*Problem to solve:*
Repeat exactly the line that contains "Diese 3-Sitzer-Schaukel ist" and every line after it, down to the last line of the entries below. Do not include pictures.

*Collected data:*
○ ○ ○

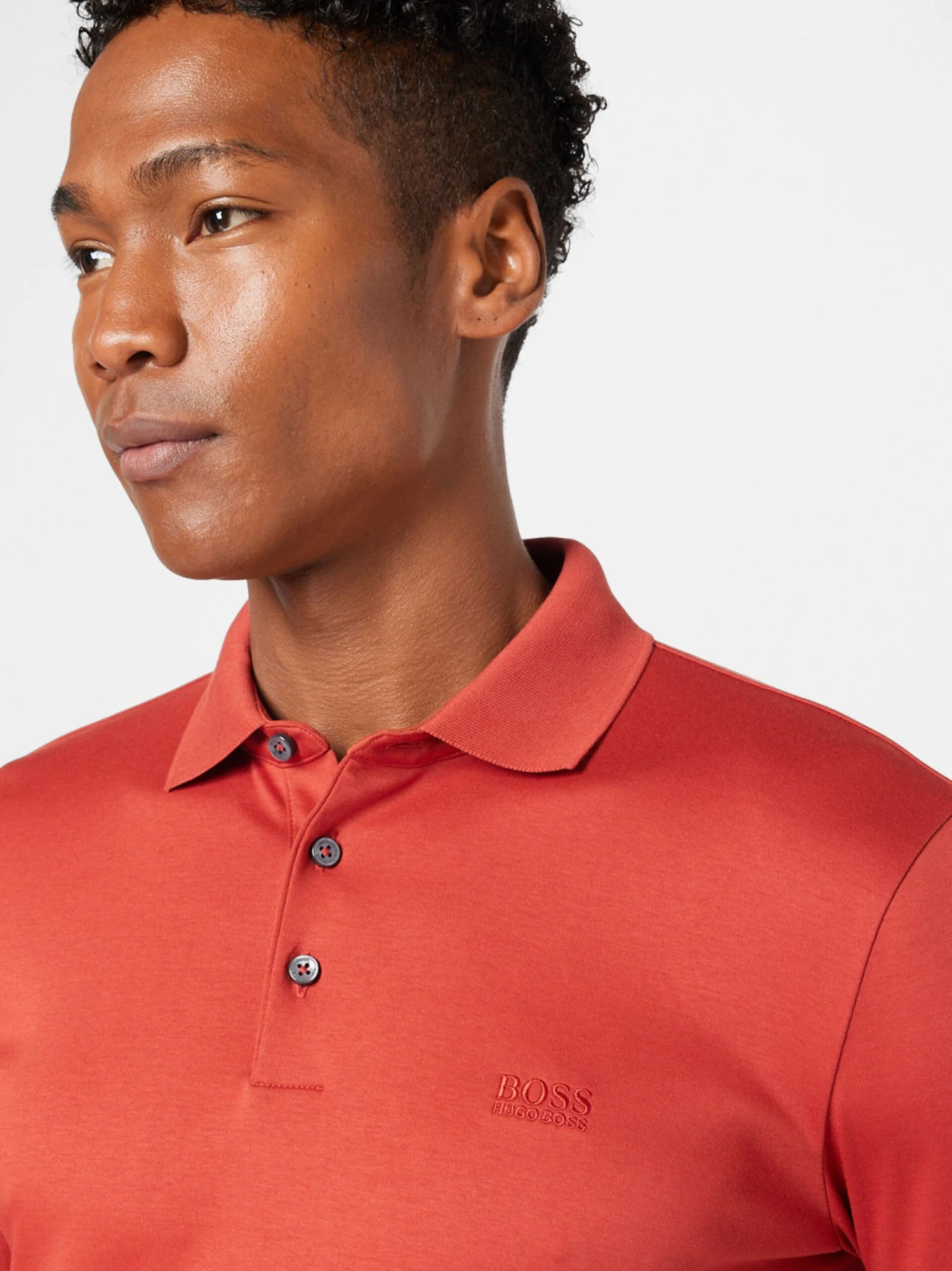 EffenJerseyPolokraagGevoerde zoom/randRechte zoomKnop placketGeribd ceintuurtjeLabel borduurwerkOp staal nadenVoelt zacht aanKnoopsluiting
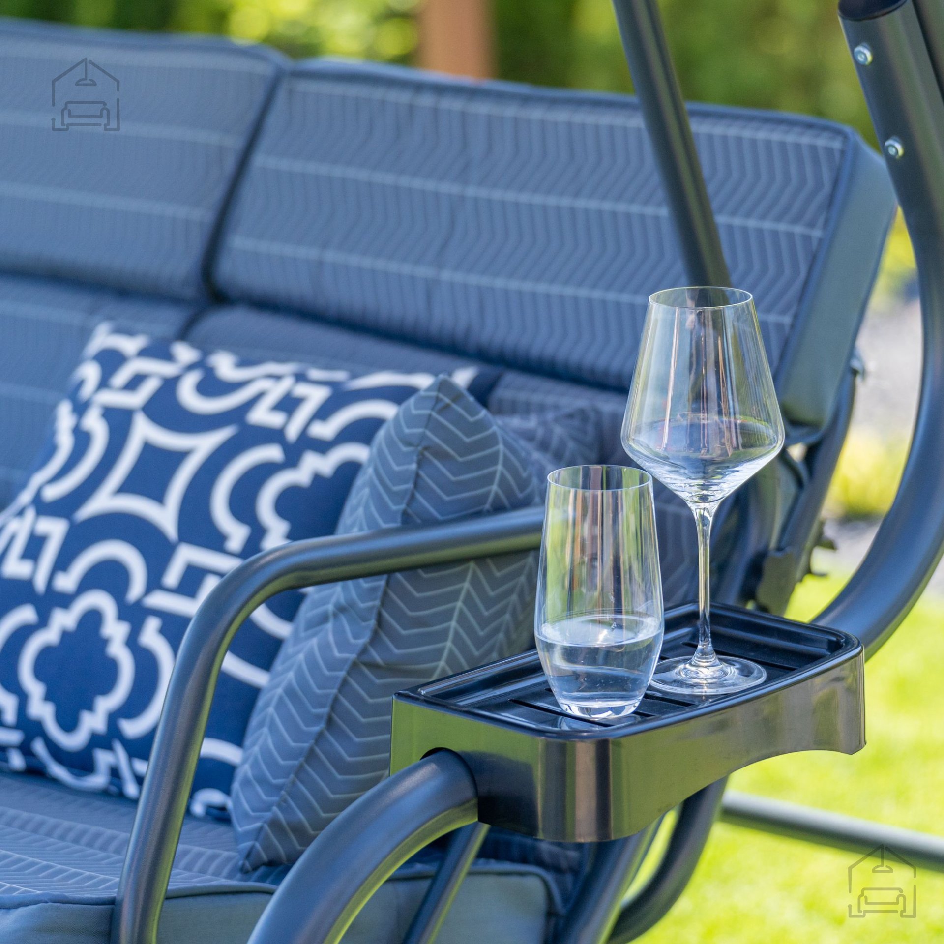 Diese 3-Sitzer-Schaukel ist ein elegantes und bequemes Möbelstück für Ihren Garten. Das Gestell besteht aus pulverbeschichtetem Stahl, was für langlebige Qualität sorgt, ohne dass häufige Pflege nötig ist. Das Material ist besonders korrosionsbeständig, wodurch die Schaukel viele Jahre schön bleibt. Das verstellbare Sonnendach schützt zuverlässig vor intensiver Sonne oder leichtem Regen, während die weiche Sitzfläche und die Armlehnen zusätzlichen Komfort bieten. Im Set sind zwei Zierkissen sowie praktische Ablagen enthalten. Außerdem verfügt die Schaukel über ein Moskitonetz, das effektiv vor Insekten schützt.
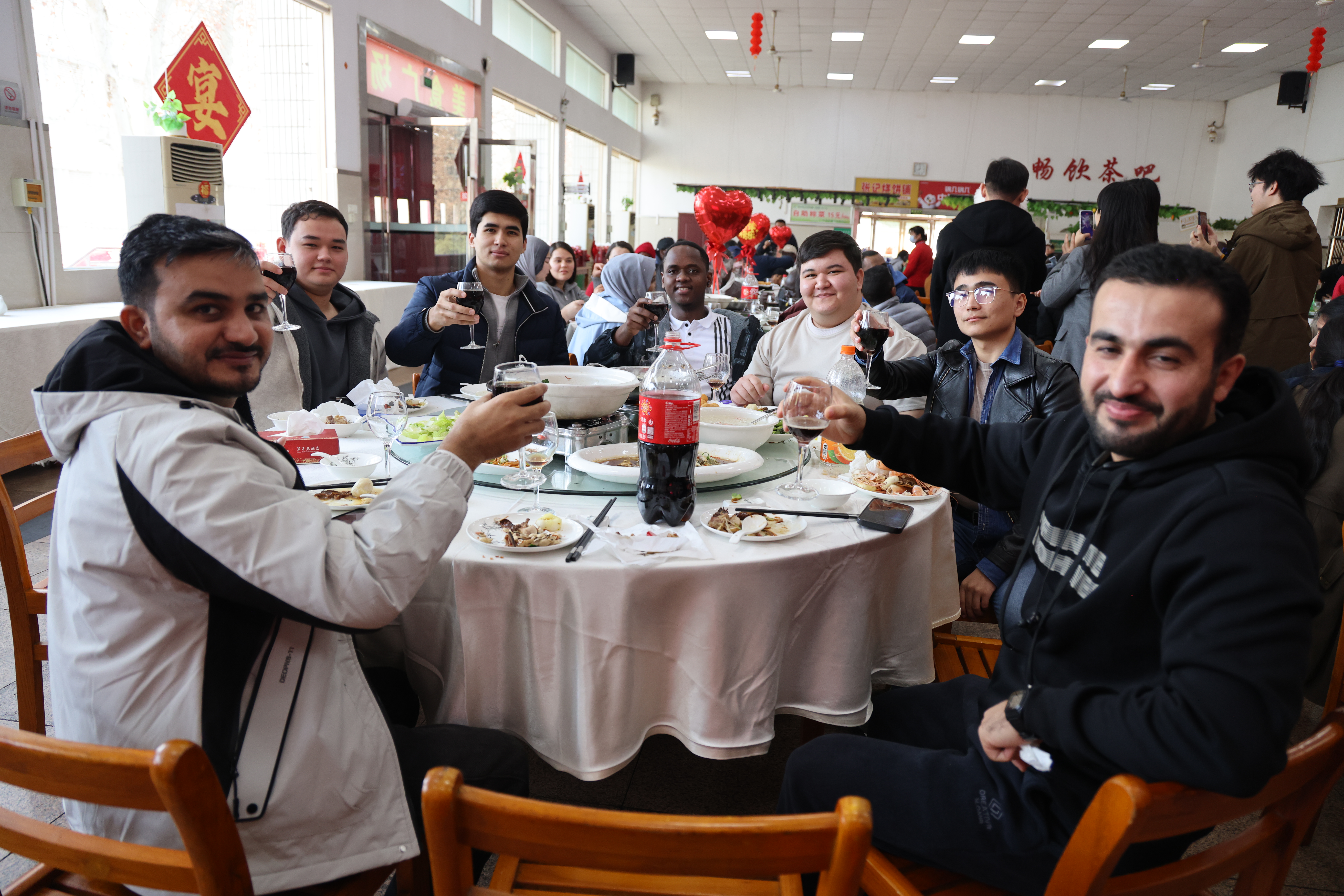 新闻网讯 2月12日,学校“风行国际”文化节系列活动之“四海一家 共暖此冬”国际学生新春团年宴在莘子苑餐厅温情启幕。副校长张笛,武汉市出入境管理局、马房山派出所相关领导,学校本科生院、研究生院、国际处、国际教育学院负责人及留学生管理人员,与近 200 名留校国际学生欢聚一堂,共迎新春佳节。
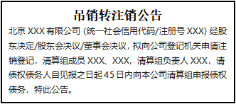 吊銷轉(zhuǎn)注銷公告
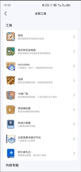 5、此外,软件内还配备了不少实用的游戏工具,像签到功能、提瓦特互动地图以及养成计算器等。

○ ○ ○

*Exercise solution:*
 Diese 3-Sitzer-Schaukel ist ein elegantes und bequemes Möbelstück für Ihren Garten. Das Gestell besteht aus pulverbeschichtetem Stahl, was für langlebige Qualität sorgt, ohne dass häufige Pflege nötig ist. Das Material ist besonders korrosionsbeständig, wodurch die Schaukel viele Jahre schön bleibt. Das verstellbare Sonnendach schützt zuverlässig vor intensiver Sonne oder leichtem Regen, während die weiche Sitzfläche und die Armlehnen zusätzlichen Komfort bieten. Im Set sind zwei Zierkissen sowie praktische Ablagen enthalten. Außerdem verfügt die Schaukel über ein Moskitonetz, das effektiv vor Insekten schützt.
 新闻网讯 2月12日,学校“风行国际”文化节系列活动之“四海一家 共暖此冬”国际学生新春团年宴在莘子苑餐厅温情启幕。副校长张笛,武汉市出入境管理局、马房山派出所相关领导,学校本科生院、研究生院、国际处、国际教育学院负责人及留学生管理人员,与近 200 名留校国际学生欢聚一堂,共迎新春佳节。
 吊銷轉(zhuǎn)注銷公告
 5、此外,软件内还配备了不少实用的游戏工具,像签到功能、提瓦特互动地图以及养成计算器等。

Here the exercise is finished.